BEGIN SUPPLIED DATA

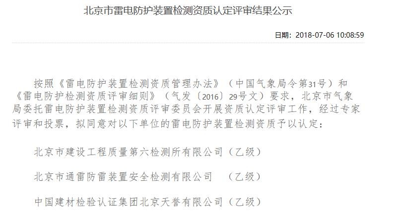 6月23日,北京市防雷防护装置检测资质认定评审工作在中国建材检验认证集团北京天誉有限公司展开。经过公司经营状况和现场检测操作两项严格考评,我公司的防雷检测能力水平得到专家组一致认可。通过评审和投票,专家组最终对我公司的雷电防护装置检测资质予以认定。7月6日,资质认定评审结果在北京市气象局网站公示。
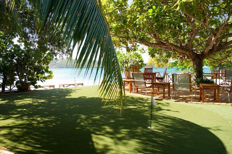 Colourful tropical grounds & sea views bright,
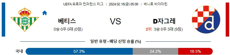 [킹콩티비] 베티스 자그레브 분석 2월16일 유로파컨퍼런스 스포츠중계
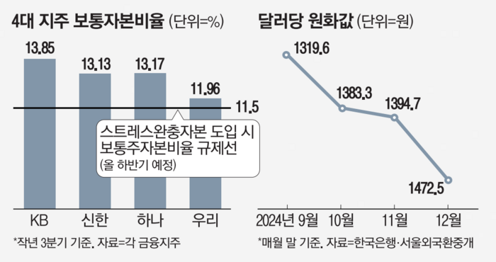 CET1比率は金融会社の損失吸収能力を示す指標であり、危機にどれほど能動的に対応できるかを示している。 ウォン貨価格が現在の傾向どおり下落すれば金融持株がバリューアップ構想を発表する時に公約した13%水準を下回ることができ、買収·合併(M&A)など未来成長動力発掘にもブレーキがかかる恐れがあるという憂慮が出ている。

END SUPPLIED DATA

**INSTRUCTIONS FOR THE TASK**
Your copy should hold only the lines running from the one that contains "Colourful tropical grounds" through the final line of the data; transcribe them exactly, both ends included, and leave pictures out.

**OUTPUT OF THE EXERCISE**
 Colourful tropical grounds & sea views bright,
 [킹콩티비] 베티스 자그레브 분석 2월16일 유로파컨퍼런스 스포츠중계
 CET1比率は金融会社の損失吸収能力を示す指標であり、危機にどれほど能動的に対応できるかを示している。 ウォン貨価格が現在の傾向どおり下落すれば金融持株がバリューアップ構想を発表する時に公約した13%水準を下回ることができ、買収·合併(M&A)など未来成長動力発掘にもブレーキがかかる恐れがあるという憂慮が出ている。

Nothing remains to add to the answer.